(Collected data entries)
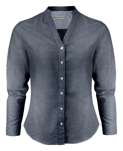 Linnenblend hemd met Mao kraag en aanpasbare manchetten. Parelmoer knopen. Contraststof aan de binnenkant van de schouderpas en manchetten. Garen geverfd.
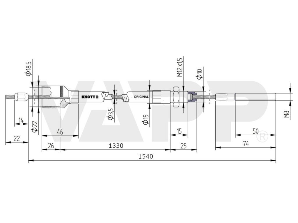 Lanovod brzdový KNOTT 1330/1540 mm, závit M8
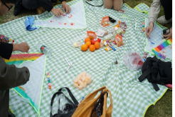 下午两点半,活动正式开始。为了快速拉进同学们的距离,让彼此走出舒适区,敞开心扉、热情交友,主持人现场组织开展了暖场小游戏—“五毛一块”来活跃气氛,同学们男女互相随机组队,游戏出局的同学进行了简单的自我介绍和才艺表演,随着游戏的推进,增进了彼此的认识,同学间友谊不断升温,活动气氛愈加融洽。暖场游戏过后,主持人介绍了活动开展的后续流程并强调了相关的安全事项,然后进行风筝绘制DIY。
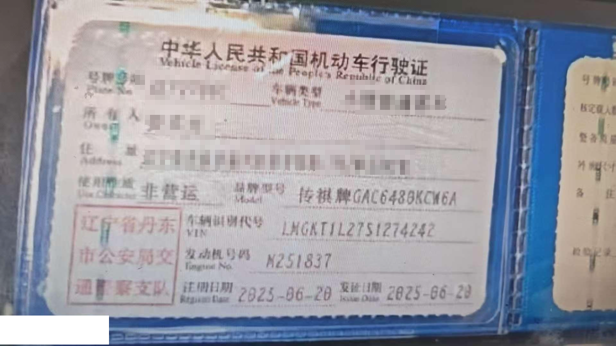 初次登记日期 2025-06-20 车辆名称 广汽传祺 传祺M6
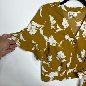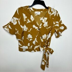 Every floral wrap blouse mustard yellow white size small
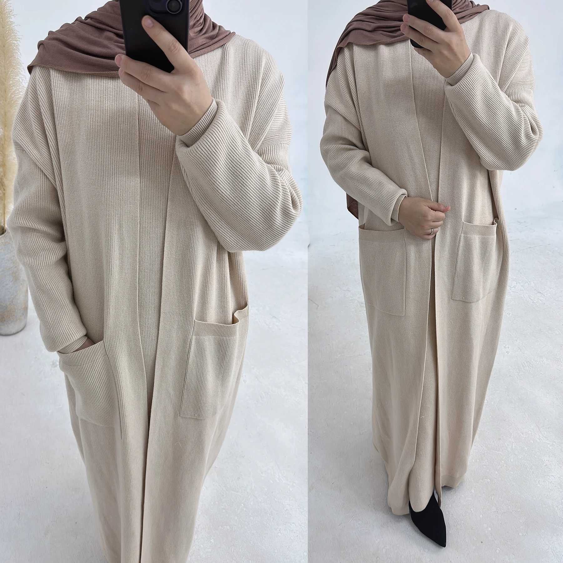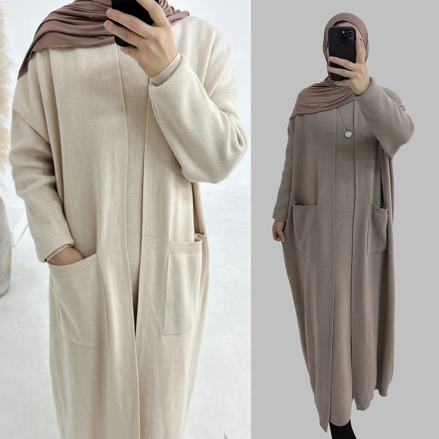 Autumn Winter Warm Coat Cardigan Sweater Knitwear Lady Elegant Loose Style Big Pocket Soft Knit Clothing Casual Long Coat
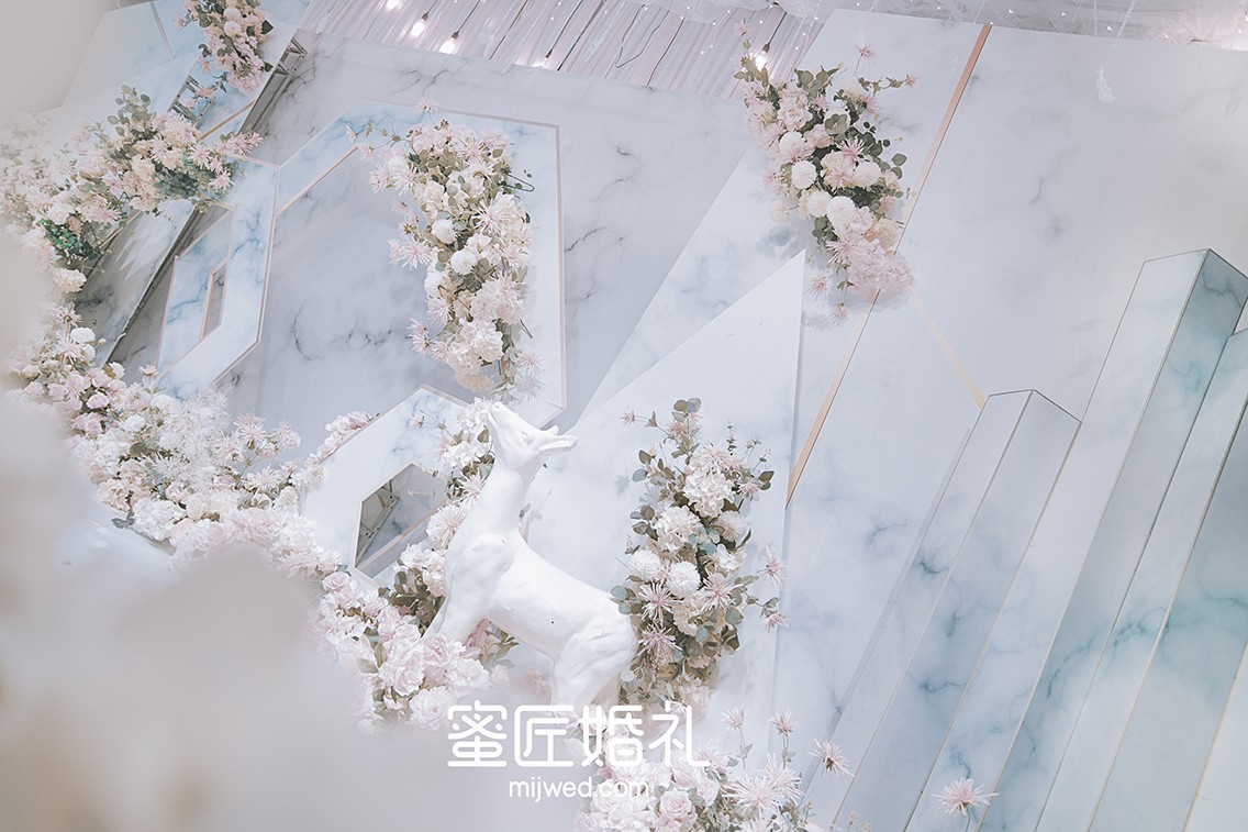 洁白无瑕的空间里,一只纯白的小鹿,轻盈的站在那里,仿佛被新人的美好爱情吸引,成了这场婚礼的见证。
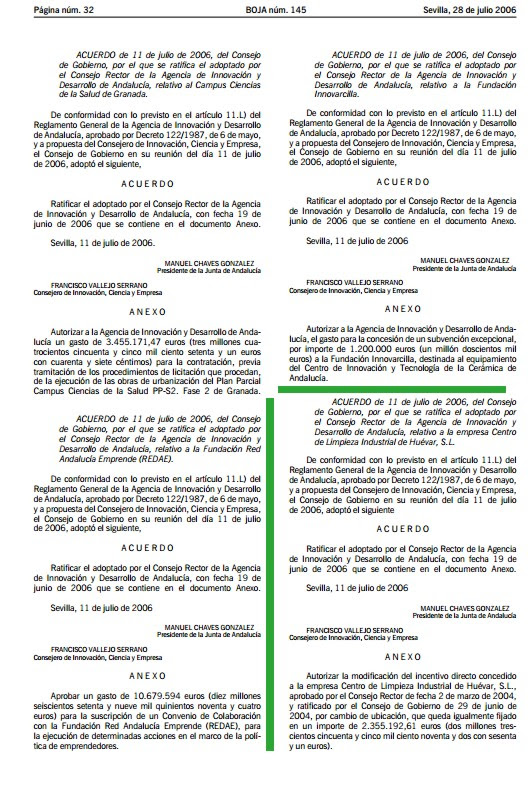 Posteriormente, la Junta de Andalucía volvió a anunciar que se concede una subvención, como si fuese nueva, al municipio de Las Cabezas que "con una inversión de 6,8 millones de euros y 34 empleos de nueva creación, está promovido por la sociedad Centro de Limpieza Industrial Huévar. Esta empresa se dedica a prestar servicios de limpieza y lavandería industrial para los sectores sanitario, hostelero y turístico, y también tiene previsto desarrollar una oferta de alquiler para suministro, limpieza y reposición de ropa, línea de trabajo con buenas perspectivas de futuro y fuerte implantación en Estados Unidos y diversos países de la Unión Europea. La ayuda directa autorizada por el Consejo es de 2,3 millones de euros".
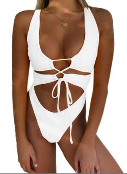 CHYRII Women's White Sexy Cutout Lace Up Backless High Cut One Piece Swimsuit Monokini L$5Las Vegas, NV
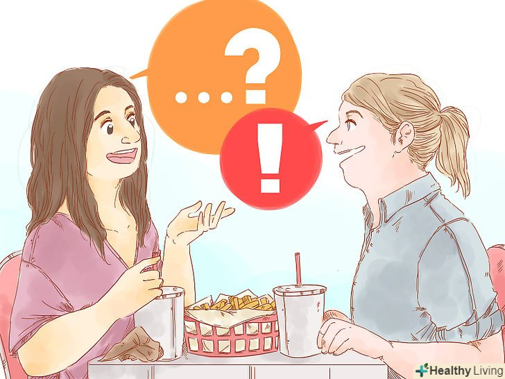 Будьте товариські.коли ви познайомитеся з ким-небудь, постарайтеся зосередитися на розмові. Це допоможе вам відкинути в сторону всі безперервні тривоги, які, ви, можливо, відчуваєте через свою вагу. Краще попрацюйте над своїми навичками спілкування з людьми і спробуйте поговорити з тим симпатичним хлопцем, якого побачили на вечірці.[10]- Будьте оптимістичні. Намагайтеся не обговорювати гнітючі або спірні теми при першому знайомстві з людиною.
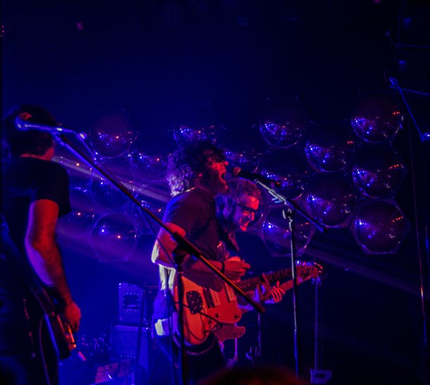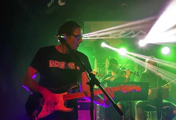 Las guitarras comienzan a rugir poderosas. Ametralladoras de acordes infinitos; son las únicas ametralladoras buenas. Diego camina por la sala, observa, escucha, aplaude -se anima a sí mismo- sube y baja del escenario. German gira una y otra vez sobre sí mismo -alrededor de mil veces-; Joselu sonríe. Todo marcha bien. David no descansa comprueba en el portátil los últimos ajustes; se cuelga la guitarra y asciende al escenario. Rasga las cuerdas y ejecuta una nueva serie de acordes, no se cansa de comprobar un y mil veces más. Está pendiente de todo. David Burgui transmite la sensación de disfrutar; de encontrarse donde siempre quiso estar. Recorre el escenario de punta a punta sin disimular una sonrisa de felicidad.
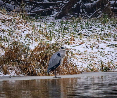 пока есть корм пока реки не скованы льдом - на берегу Буга стоит серая цапля
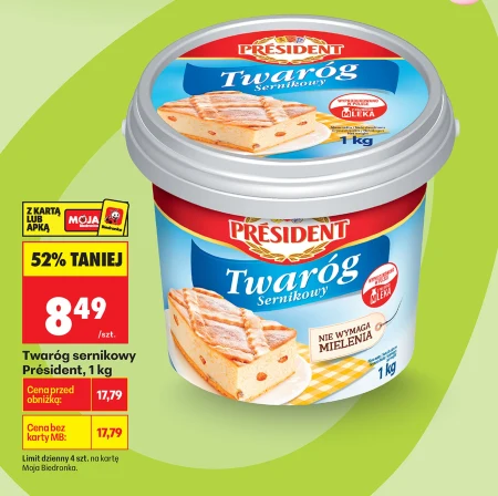 Twaróg semikowy Président, 1 kg 52% TANIEJ 8,49 /szt. Cena przed obniżką: 17,79 Cena bez karty MB: 17,79 Limit dzienny 4 szt. na kartę Moja Biedronka
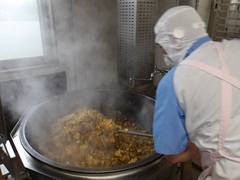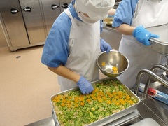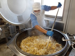 本来は炊き込みご飯ですが、給食では具を作ってから炊いたご飯に混ぜました。
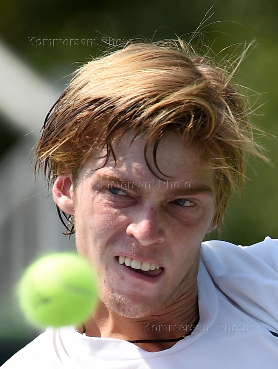 Кубок Дэвиса. Матч между сборными России и Нидерландов. Российский теннисист Андрей Рублев в матче…
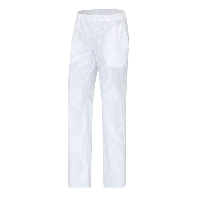 These white seersucker trousers for women with their crinkled texture are not only fashionable but also very easy to care for. They can be washed at up to 60 °C and have an elasticated waistband and two side pockets. Thanks to the casual style and wide cut and the practical slip-on shape, they are particularly comfortable to wear, for example, during care work.
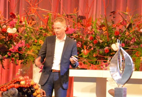 Het thema duurzaamheid werd vanuit drie hoeken belicht: door aspergeteler Peter Visser uit Limburg, die een subsector vertegenwoordigde die het met de warme en droge zomer misschien wel het zwaarst te verduren gehad heeft; door tomatenteler Wim Peters, die in 2016 zijn kas in 2 minuten verwoest zag worden door de befaamde 'supercell' (en zijn bedrijf weer van de grond af opbouwde); en door weerman Peter Kuipers Munnike die, het zal u niet verbazen, weet dat het klimaat warmer en de weersextremen heftiger worden.
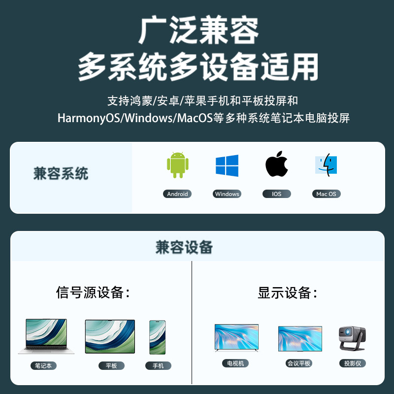 无线投屏器手机连接电视扫码即投4k同屏hdmi横竖屏转换适用5G
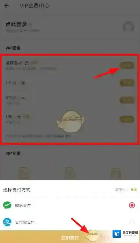 4、这样一来,只要选择好自己想要开通的套餐,就可以直接进行支付,开通会员来免除广告了。
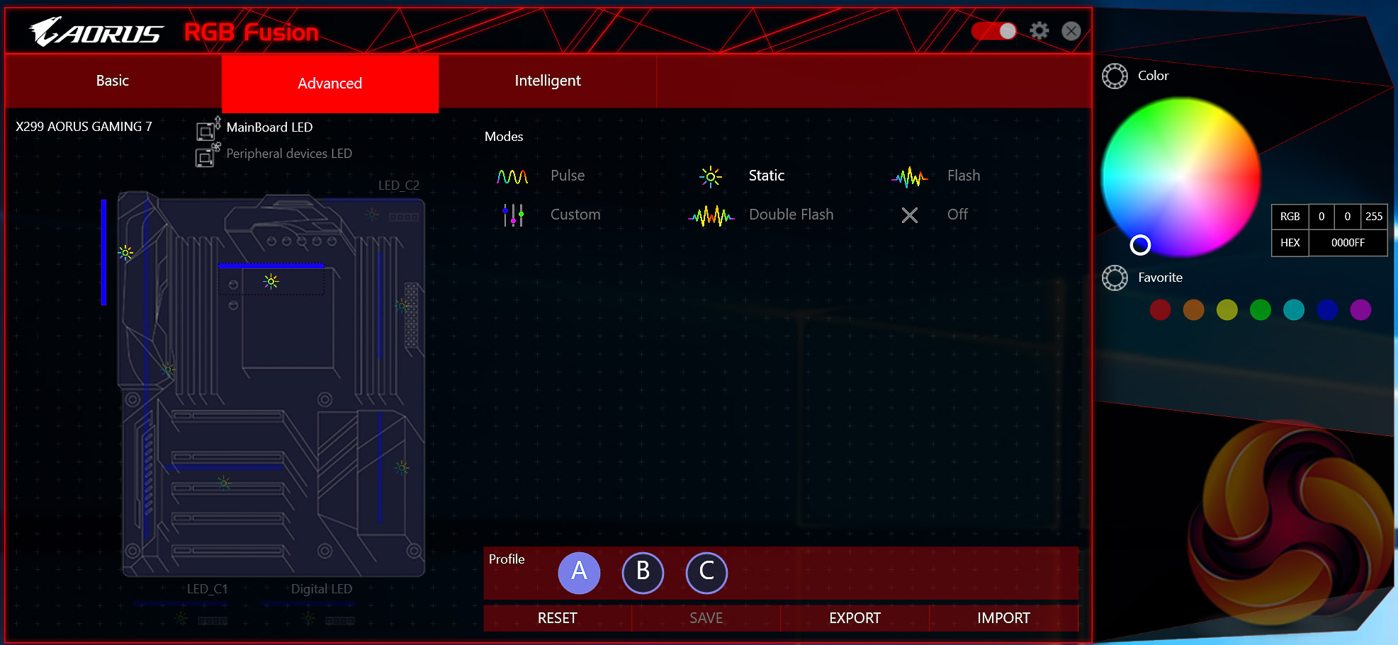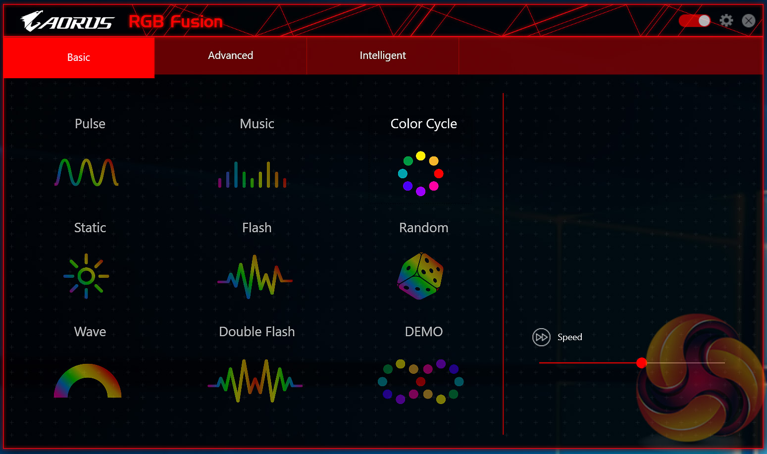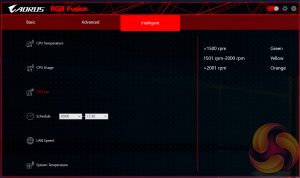 RGB Fusion is Gigabyte’s LED software that will let you individually manipulate each onboard RGB LED zone or connected LED strip. There are three tabs, basic, advanced and intelligent, which hold different levels of detail and options. The advanced tab will allow you to control each zone independently of the other zones while in the basic tab changes of colour and lighting pattern will be automatically applied to all controllable LEDs.
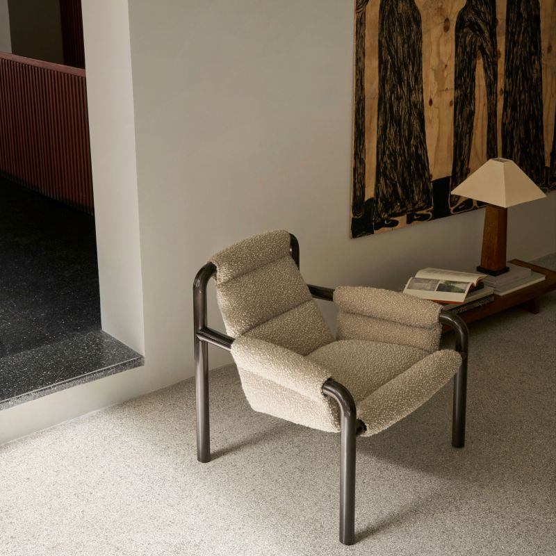 The Atli Lounge Chair is a striking statementbold, sculptural, and modern. Designed by the New York-based Atlason Studio, it is characterised by its oversized tubular steel frame and generous padding with precisely crafted details.
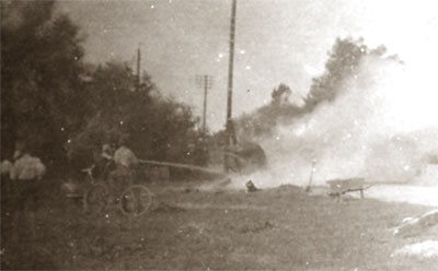 I den anden ende holder to mænd slangen og forsøger at slukke en brand i noget der ligner en ovn på hjul.
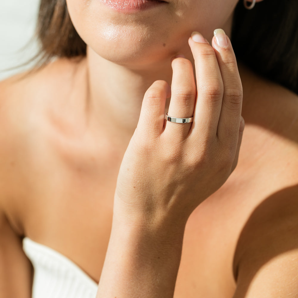 This classic 18ct white gold ring is 3mm wide and has a square profile edge. Available in a standard polished finish (as pictured) or brushed.
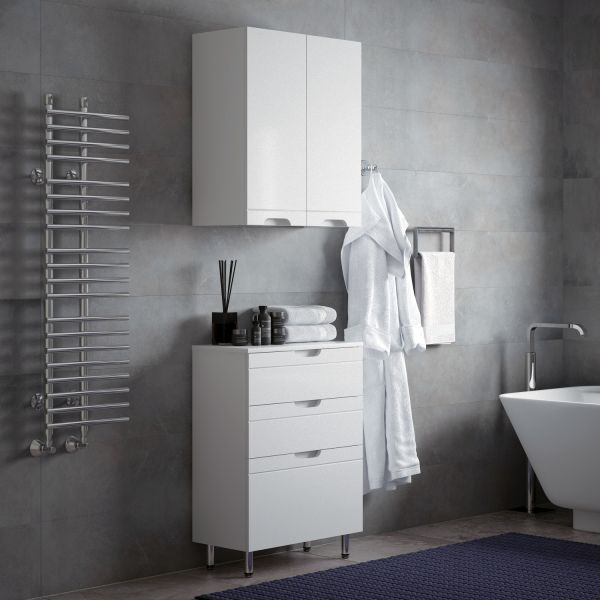 Шкаф Corozo Лея, 55 см, цвет белый, SD-00000397Коллекция мебели для ванных комнат "ЛЕЯ" создана для тех, кто ценит простоту форм, сочетание округлых и прямых линий, удобство эксплуатации. У мебели коллекции «ЛЕЯ» корпус выполнен из ЛДСП, фасады - из влагостойкой плиты МДФ, покрытие – пленка ПВХ. В верхней части стойки расположены полки, в нижней части - высокие боковины. Фурнитура с лицевой стороны фасадов отсутствует, вместо нее предусмотрены интегрированные ручки с декоративной полосой тонкой фрезеровки.

**Task directions:** Send back the data above verbatim, leaving out its pictures.

**Output of the task:**
 Linnenblend hemd met Mao kraag en aanpasbare manchetten. Parelmoer knopen. Contraststof aan de binnenkant van de schouderpas en manchetten. Garen geverfd.
 Lanovod brzdový KNOTT 1330/1540 mm, závit M8
 下午两点半,活动正式开始。为了快速拉进同学们的距离,让彼此走出舒适区,敞开心扉、热情交友,主持人现场组织开展了暖场小游戏—“五毛一块”来活跃气氛,同学们男女互相随机组队,游戏出局的同学进行了简单的自我介绍和才艺表演,随着游戏的推进,增进了彼此的认识,同学间友谊不断升温,活动气氛愈加融洽。暖场游戏过后,主持人介绍了活动开展的后续流程并强调了相关的安全事项,然后进行风筝绘制DIY。
 初次登记日期 2025-06-20 车辆名称 广汽传祺 传祺M6
 Every floral wrap blouse mustard yellow white size small
 Autumn Winter Warm Coat Cardigan Sweater Knitwear Lady Elegant Loose Style Big Pocket Soft Knit Clothing Casual Long Coat
 洁白无瑕的空间里,一只纯白的小鹿,轻盈的站在那里,仿佛被新人的美好爱情吸引,成了这场婚礼的见证。
 Posteriormente, la Junta de Andalucía volvió a anunciar que se concede una subvención, como si fuese nueva, al municipio de Las Cabezas que "con una inversión de 6,8 millones de euros y 34 empleos de nueva creación, está promovido por la sociedad Centro de Limpieza Industrial Huévar. Esta empresa se dedica a prestar servicios de limpieza y lavandería industrial para los sectores sanitario, hostelero y turístico, y también tiene previsto desarrollar una oferta de alquiler para suministro, limpieza y reposición de ropa, línea de trabajo con buenas perspectivas de futuro y fuerte implantación en Estados Unidos y diversos países de la Unión Europea. La ayuda directa autorizada por el Consejo es de 2,3 millones de euros".
 CHYRII Women's White Sexy Cutout Lace Up Backless High Cut One Piece Swimsuit Monokini L$5Las Vegas, NV
 Будьте товариські.коли ви познайомитеся з ким-небудь, постарайтеся зосередитися на розмові. Це допоможе вам відкинути в сторону всі безперервні тривоги, які, ви, можливо, відчуваєте через свою вагу. Краще попрацюйте над своїми навичками спілкування з людьми і спробуйте поговорити з тим симпатичним хлопцем, якого побачили на вечірці.[10]- Будьте оптимістичні. Намагайтеся не обговорювати гнітючі або спірні теми при першому знайомстві з людиною.
 Las guitarras comienzan a rugir poderosas. Ametralladoras de acordes infinitos; son las únicas ametralladoras buenas. Diego camina por la sala, observa, escucha, aplaude -se anima a sí mismo- sube y baja del escenario. German gira una y otra vez sobre sí mismo -alrededor de mil veces-; Joselu sonríe. Todo marcha bien. David no descansa comprueba en el portátil los últimos ajustes; se cuelga la guitarra y asciende al escenario. Rasga las cuerdas y ejecuta una nueva serie de acordes, no se cansa de comprobar un y mil veces más. Está pendiente de todo. David Burgui transmite la sensación de disfrutar; de encontrarse donde siempre quiso estar. Recorre el escenario de punta a punta sin disimular una sonrisa de felicidad.
 пока есть корм пока реки не скованы льдом - на берегу Буга стоит серая цапля
 Twaróg semikowy Président, 1 kg 52% TANIEJ 8,49 /szt. Cena przed obniżką: 17,79 Cena bez karty MB: 17,79 Limit dzienny 4 szt. na kartę Moja Biedronka
 本来は炊き込みご飯ですが、給食では具を作ってから炊いたご飯に混ぜました。
 Кубок Дэвиса. Матч между сборными России и Нидерландов. Российский теннисист Андрей Рублев в матче…
 These white seersucker trousers for women with their crinkled texture are not only fashionable but also very easy to care for. They can be washed at up to 60 °C and have an elasticated waistband and two side pockets. Thanks to the casual style and wide cut and the practical slip-on shape, they are particularly comfortable to wear, for example, during care work.
 Het thema duurzaamheid werd vanuit drie hoeken belicht: door aspergeteler Peter Visser uit Limburg, die een subsector vertegenwoordigde die het met de warme en droge zomer misschien wel het zwaarst te verduren gehad heeft; door tomatenteler Wim Peters, die in 2016 zijn kas in 2 minuten verwoest zag worden door de befaamde 'supercell' (en zijn bedrijf weer van de grond af opbouwde); en door weerman Peter Kuipers Munnike die, het zal u niet verbazen, weet dat het klimaat warmer en de weersextremen heftiger worden.
 无线投屏器手机连接电视扫码即投4k同屏hdmi横竖屏转换适用5G
 4、这样一来,只要选择好自己想要开通的套餐,就可以直接进行支付,开通会员来免除广告了。
 RGB Fusion is Gigabyte’s LED software that will let you individually manipulate each onboard RGB LED zone or connected LED strip. There are three tabs, basic, advanced and intelligent, which hold different levels of detail and options. The advanced tab will allow you to control each zone independently of the other zones while in the basic tab changes of colour and lighting pattern will be automatically applied to all controllable LEDs.
 The Atli Lounge Chair is a striking statementbold, sculptural, and modern. Designed by the New York-based Atlason Studio, it is characterised by its oversized tubular steel frame and generous padding with precisely crafted details.
 I den anden ende holder to mænd slangen og forsøger at slukke en brand i noget der ligner en ovn på hjul.
 This classic 18ct white gold ring is 3mm wide and has a square profile edge. Available in a standard polished finish (as pictured) or brushed.
 Шкаф Corozo Лея, 55 см, цвет белый, SD-00000397Коллекция мебели для ванных комнат "ЛЕЯ" создана для тех, кто ценит простоту форм, сочетание округлых и прямых линий, удобство эксплуатации. У мебели коллекции «ЛЕЯ» корпус выполнен из ЛДСП, фасады - из влагостойкой плиты МДФ, покрытие – пленка ПВХ. В верхней части стойки расположены полки, в нижней части - высокие боковины. Фурнитура с лицевой стороны фасадов отсутствует, вместо нее предусмотрены интегрированные ручки с декоративной полосой тонкой фрезеровки.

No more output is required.